Matin dans une grande ville, 1944 (titre d’un tableau)

Texte 27 ≈ Sortir du vide ≈ journal vrai/faux de Sophie Poirier ≈ « Quelquefois je veux tout faire en même temps, alors je pose une chose, j’attrape un truc, je prépare, je viens dans un sens (…)

Quelquefois je veux tout faire en même temps, alors je pose une chose, j’attrape un truc, je prépare, je viens dans un sens, je regarde la pièce toute entière, je repose, je vais m’assoir pour écrire.
Et j’entends au loin l’eau qui déborde de la bouilloire…

Je suis sûre que bientôt des gens vont s’agacer de l’omniprésence d’Edward Hopper. Il y a systématiquement des gens qui s’agacent des bonheurs partagés par le plus grand nombre.
On est toujours le snob de quelqu’un.

Il y a la pluie et Dominique Blanc à la radio qui lit Verlaine – que je préfère à Rimbaud.
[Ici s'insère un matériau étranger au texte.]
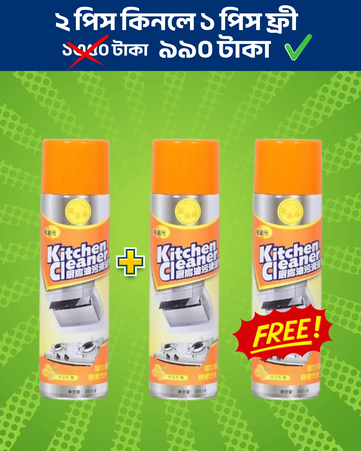 রান্নাঘরের তেল-চিটচিটে দাগ, প্যানের পোড়া তেল বা খাবারের জমে থাকা ময়লা পরিষ্কার করতে এখন আর কষ্ট নয়। Kitchen Oil Stain Cleaner 500ml Foam Spray আপনার রান্নাঘরকে রাখবে ঝকঝকে, সতেজ ও জীবাণুমুক্ত। উন্নত ফোম প্রযুক্তির কারণে এটি দ্রুত কাজ করে এবং কঠিন তেলের দাগও সহজে দূর করে।
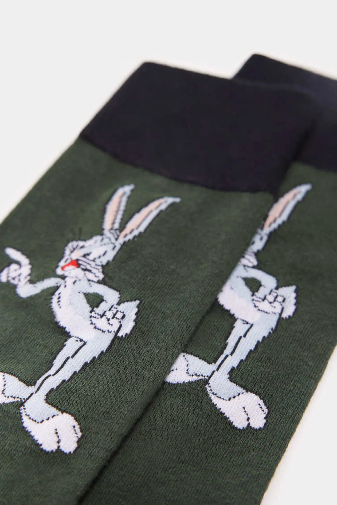 Meia Alta Em Algodao Com Jacquard Posicional Do Coelho Bugs Bunny. Warner Bros™. Colecao Reconsider.

Pourtant ça n’est pas par snobisme que j’écris cela.

Il a été question ces derniers jours d’une vie qui ne laisserait pas tranquille. Ça serait mieux.
Voilà qu’on arrive à des vides et des montagnes, des bosses ou des calmes, trop plats.
Mélangez.
C’est fatigant parfois de ne pas comprendre pourquoi c’est foutu comme ça.
Et puis de temps en temps : des grands fous rires.

Voilà ! Maintenant, je me brûle en buvant mon thé. Forcément.